● **Records**
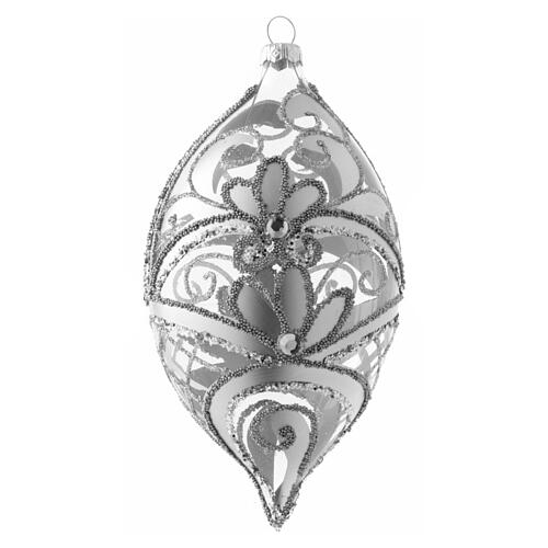Weihnachtsbaumkugel aus transparentem Glas in Tropfenform mit silbernen Verzierungen 100 mm hoch
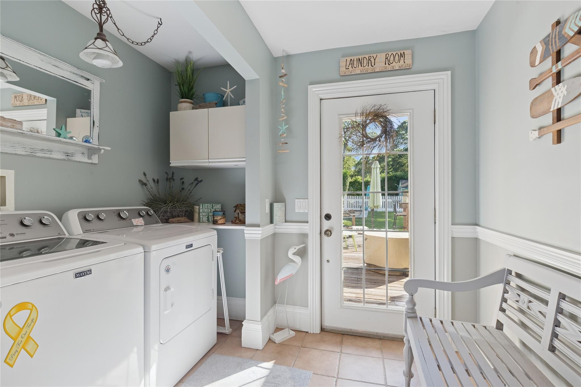 - Laundry area with washing machine and clothes dryer, cabinet space, and light tile patterned flooring
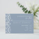 Carte de réponse de mariage élégante moderne bleu poussiéreux avec un design filigrane stylé et une typographie claire. Parfaite pour les mariages, les douches de mariée, les dîners de répétition et les célébrations formelles. Personnalisez facilement les noms, les dates et les libellés pour correspondre à votre thème de mariage et créer une papeterie cohérente que vos invités adoreront.
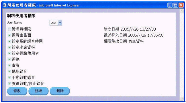 - 使用者操作權(quán)限可由上一級使用者設(shè)定,登入、注銷皆有密碼管制,且操作內(nèi)容皆有系統(tǒng)紀(jì)錄。
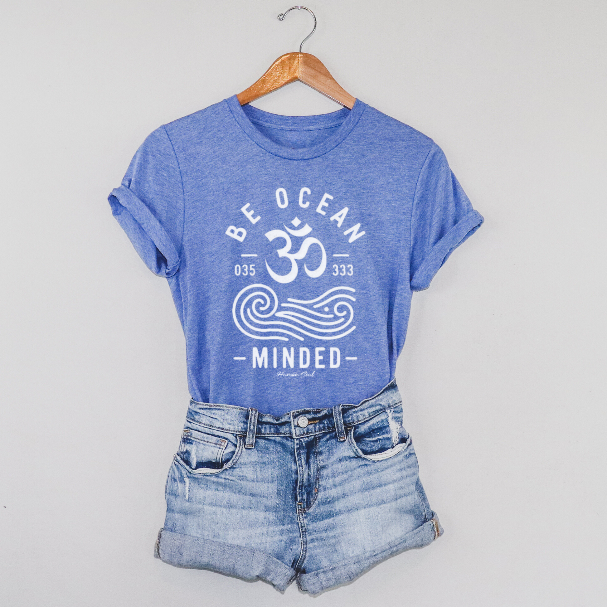 Flow with the tide in our "Be Ocean Minded", featuring an ocean wave and Om symbol. This shirt is a reminder to stay grounded, connected, and in tune with the rhythms of nature. Perfect for those who embrace both the sea and their spiritual journey.
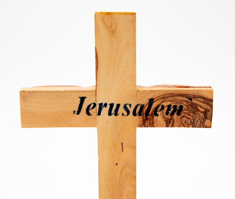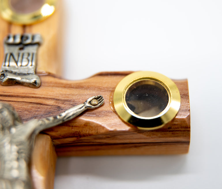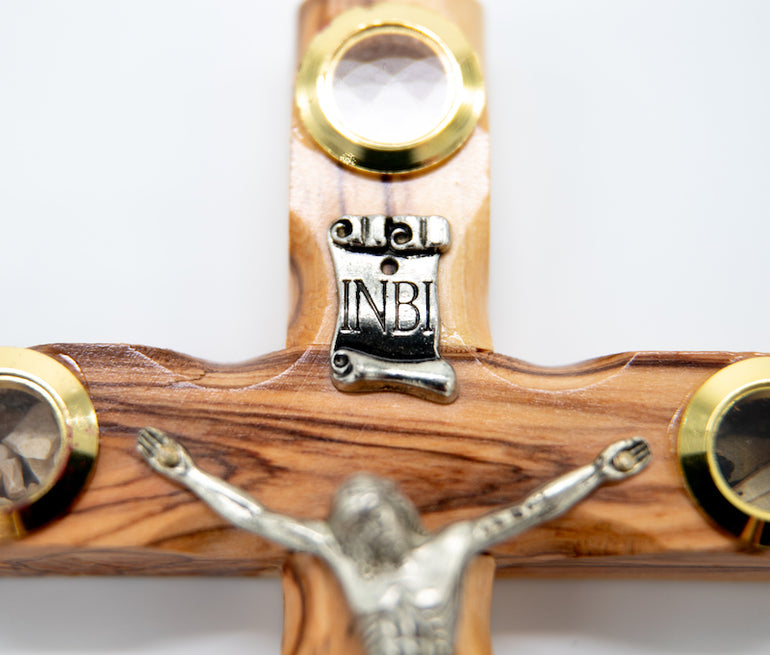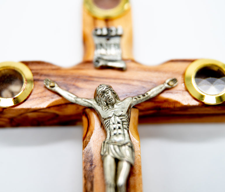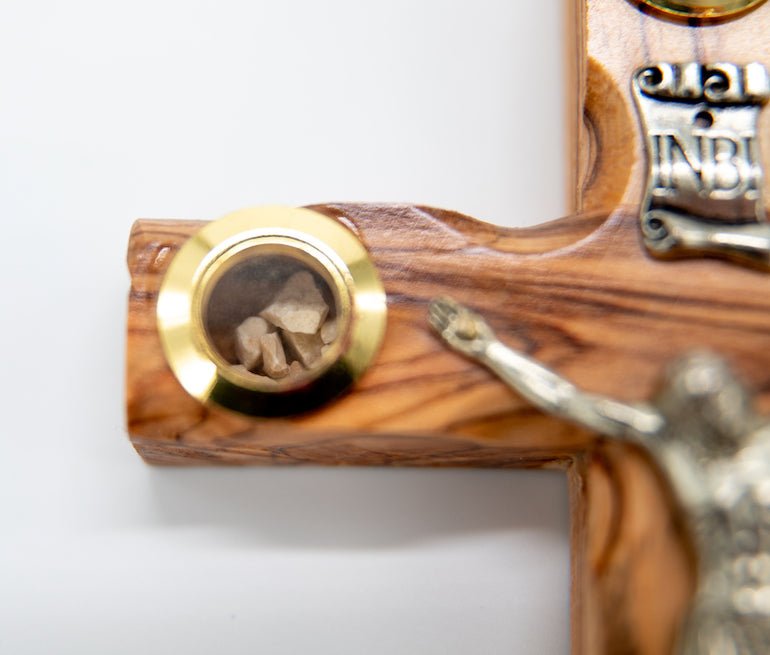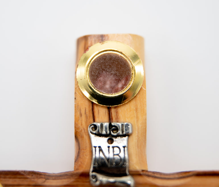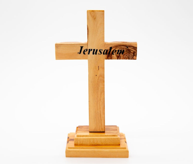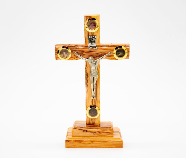 Olive wood cross with a base and 4 essences from the Holy Land (soil, incense, olive tree leaves, Jerusalem stones); traditionally made and crafted, made of olive wood.
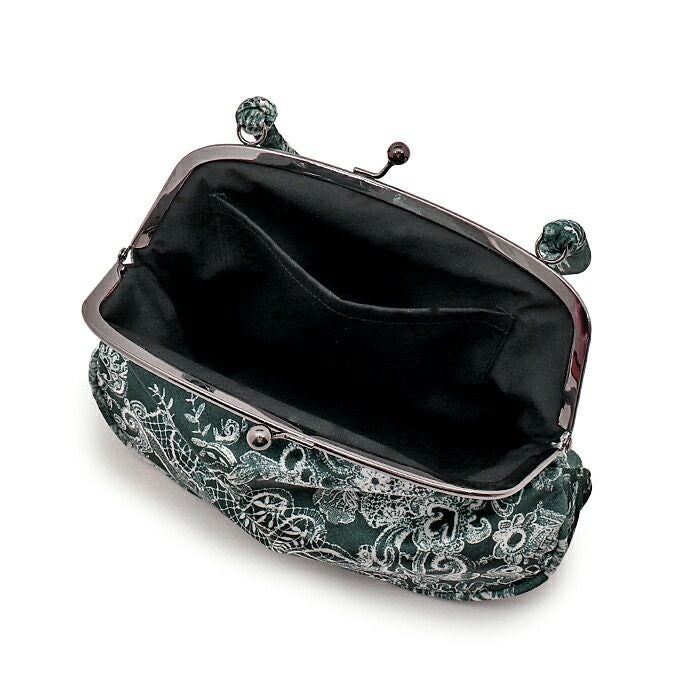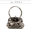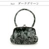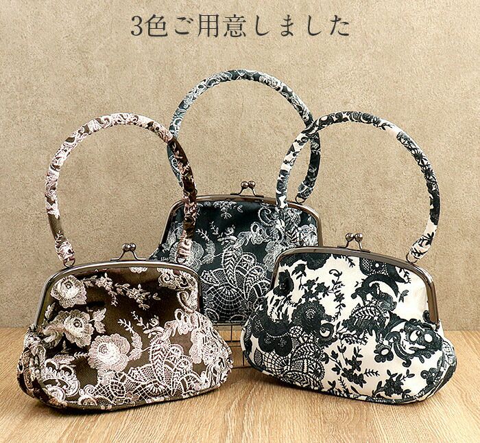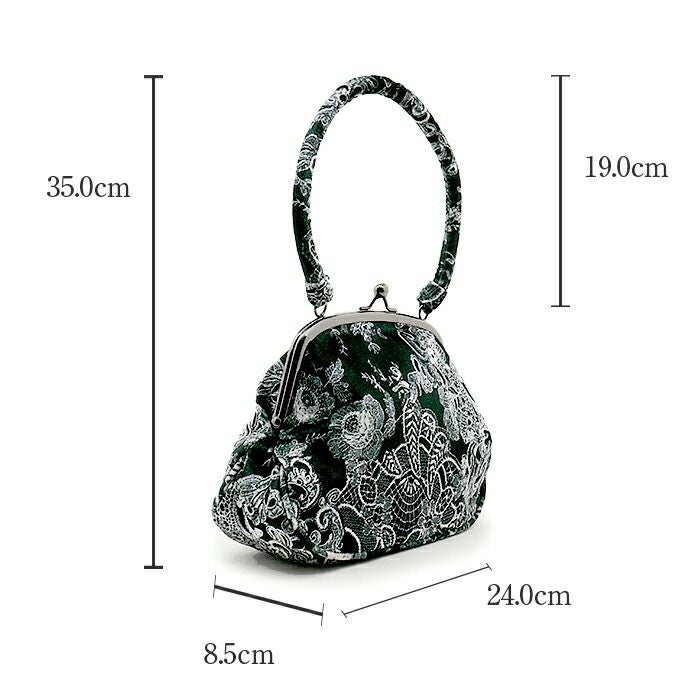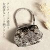 成人式や結婚式での振袖や卒業袴といった、華やかなおきものの装いに合わせていただけるがま口バッグです。 レース柄がプリントされた華やかなアンティーク調バッグです。 がま口タイプで大きく口が開くので中身が取り出せやすく、使い勝手も抜群!財布やスマホも楽に収納できます。 袴には昔ながらの巾着もステキですが、こんなお洒落バッグで楽しんでもいいですね。 お母様の振袖(ママ振り)やお姉様の振袖を受け継いで、バッグなどの小物を新調したコーディネートにするお嬢様も多くいらっしゃいます。 レンタルの振袖であったり譲りものの振袖をお召しの機会であっても一つでもこだわって選んだアイテムがあるとお慶びの席のご気分が高まりますし、レンタルではなかなか出回らない繊細なお作りやお洒落なデザインのがま口バッグは振袖コーデの中でもぱっと目を引く存在になるでしょう。 華やかな装いを楽しみたい日のおともに、ぜひお手に取っていただきたいがま口バッグです。
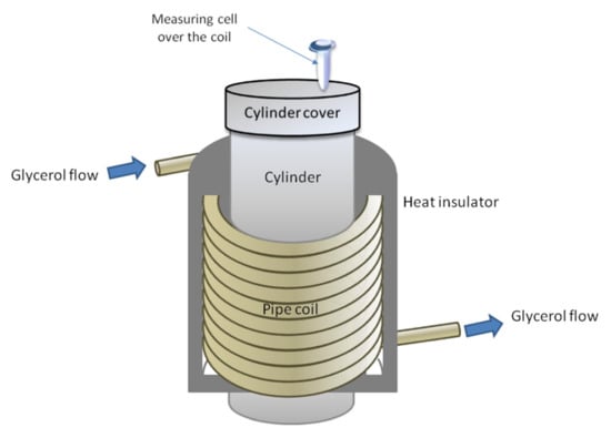 A KAN-therm PE-RT/AL/PE-RT pipe (KAN-therm, Poland) fabricated from armed polyethylene was used as a communication pipe. This pipe was fabricated from a more durable material than silicone (used in our previous study [16]) and hence could be successfully used in experiments with warm glycerol, as glycerol is a much more viscous liquid. The pipe coil’s dimensions were as follows: a coil diameter of 25 cm, a coil height of 40 cm, and an inner diameter of the pipe of 1.5 cm. To provide sufficient intensity of the glycerol flow through the pipe, the glycerol in the flow-based system was warmed to 65 °C to provide better flowability [49]. At the same time, the coiled pipe was covered with a thermal shield (a layer of metallized, foamed polypropylene) to avoid undesired heating of the measuring cell with the test protein solution, whose temperature remained unchanged and was maintained at a level of 23 °C. To supply glycerol into the flow-based system, a BE-G 20 HP0.8 gear pump was employed. The volumetric flow rate of glycerol was 8.7 L/min.
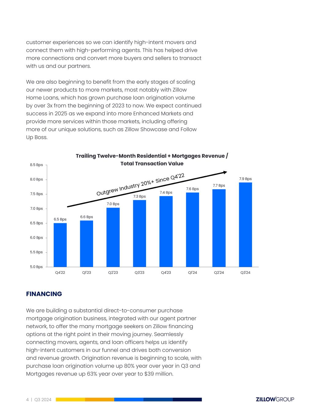 customer experiences so we can identify high-intent movers and connect them with high-performing agents. This has helped drive more connections and convert more buyers and sellers to transact with us and our partners. We are also beginning to benefit from the early stages of scaling our newer products to more markets, most notably with Zillow Home Loans, which has grown purchase loan origination volume by over 3x from the beginning of 2023 to now. We expect continued success in 2025 as we expand into more Enhanced Markets and provide more services within those markets, including offering more of our unique solutions, such as Zillow Showcase and Follow Up Boss. FINANCING We are building a substantial direct-to-consumer purchase mortgage origination business, integrated with our agent partner network, to offer the many mortgage seekers on Zillow financing options at the right point in their moving journey. Seamlessly connecting movers, agents, and loan officers helps us identify high-intent customers in our funnel and drives both conversion and revenue growth. Origination revenue is beginning to scale, with purchase loan origination volume up 80% year over year in Q3 and Mortgages revenue up 63% year over year to $39 million. 4 | Q3 2024
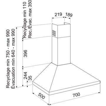 • Type de hotte : : décorative murale – évacuation et recyclage
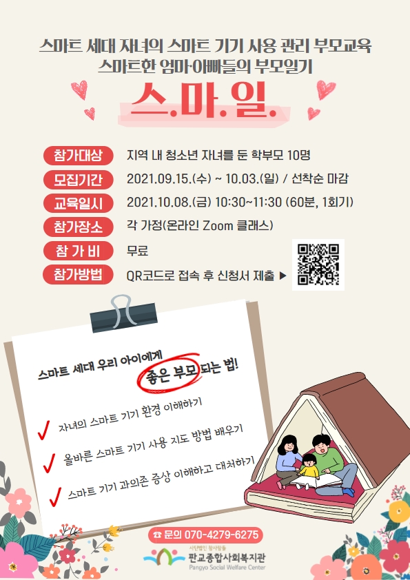 판교종합사회복지관에서는 오는 10월 8일(금), 스마트 세대 자녀의 스마트 기기 사용 관리 부모교육 ‘스마트한 엄마·아빠들의 부모일기, 스.마.일’을 진행한다.
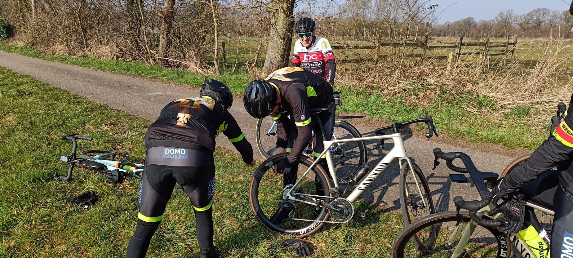 Helaas moesten we twee mannen onderweg missen. Kris voelde zich niet optimaal en besloot de rit op eigen tempo solo voort te zetten.
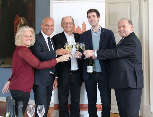 Sie stoßen auf den erfolgreichen Verkauf des Domsektes an (v.l.n.r.) Bettina Steiger (Geschäftsstelle Dombauverein), Mathias Geisert (Vorstand Dombauverein), Dr. Gottfried Jung (Vorstandsvorsitzender Dombauverein), Dr. Bastian Klohr (Geschäftsführender Vorstand der Weinbeit Manufaktur eG), Winfried Szkutnik (Schatzmeister Dombauverein).
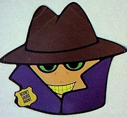 In the comic books, he is depicted as a Caucasian male with a large nose, wearing a purple trenchcoat, black pants, and what appears to be a fedora hat. Some panels appear to imply he is bald under the hat. A bendy toy of Secret Sauce Agent features him with purple skin.
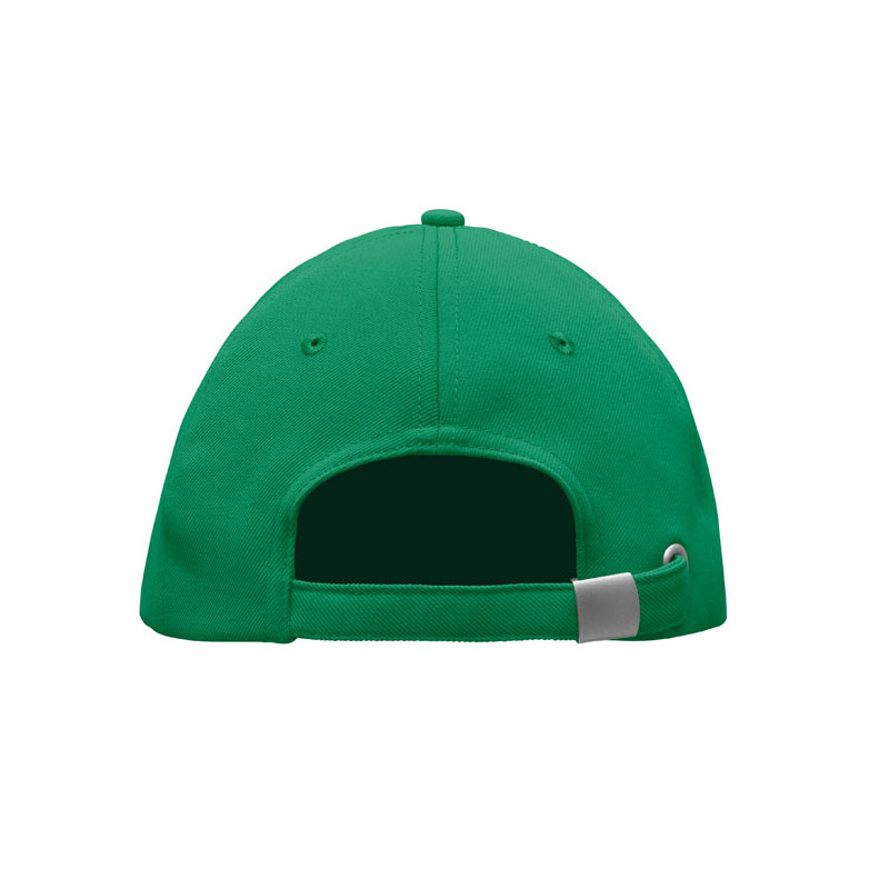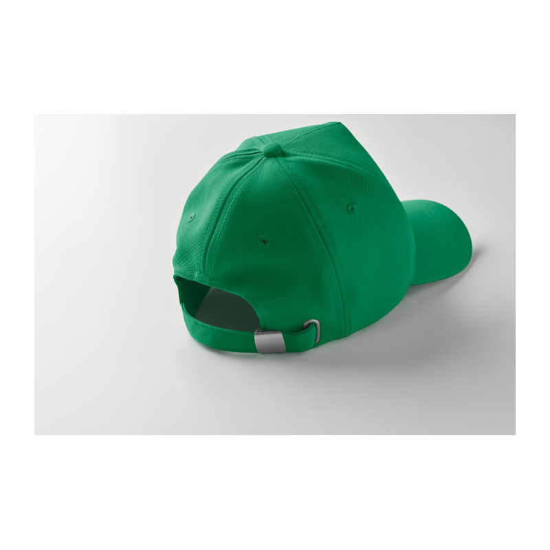 Gorra de béisbol de 5 paneles en poliéster Rpet de 210 gr/m² con hebilla de acero plateada. 4 ojales bordados en color a juego. Talla 7 1/4.

● **What is required**
Copy only the part of the records that runs from the first line to the line with "Olive wood cross", ends included, leaving pictures out.

● **Written answer**
Weihnachtsbaumkugel aus transparentem Glas in Tropfenform mit silbernen Verzierungen 100 mm hoch
 - Laundry area with washing machine and clothes dryer, cabinet space, and light tile patterned flooring
 Carte de réponse de mariage élégante moderne bleu poussiéreux avec un design filigrane stylé et une typographie claire. Parfaite pour les mariages, les douches de mariée, les dîners de répétition et les célébrations formelles. Personnalisez facilement les noms, les dates et les libellés pour correspondre à votre thème de mariage et créer une papeterie cohérente que vos invités adoreront.
 - 使用者操作權(quán)限可由上一級使用者設(shè)定,登入、注銷皆有密碼管制,且操作內(nèi)容皆有系統(tǒng)紀(jì)錄。
 Flow with the tide in our "Be Ocean Minded", featuring an ocean wave and Om symbol. This shirt is a reminder to stay grounded, connected, and in tune with the rhythms of nature. Perfect for those who embrace both the sea and their spiritual journey.
 Olive wood cross with a base and 4 essences from the Holy Land (soil, incense, olive tree leaves, Jerusalem stones); traditionally made and crafted, made of olive wood.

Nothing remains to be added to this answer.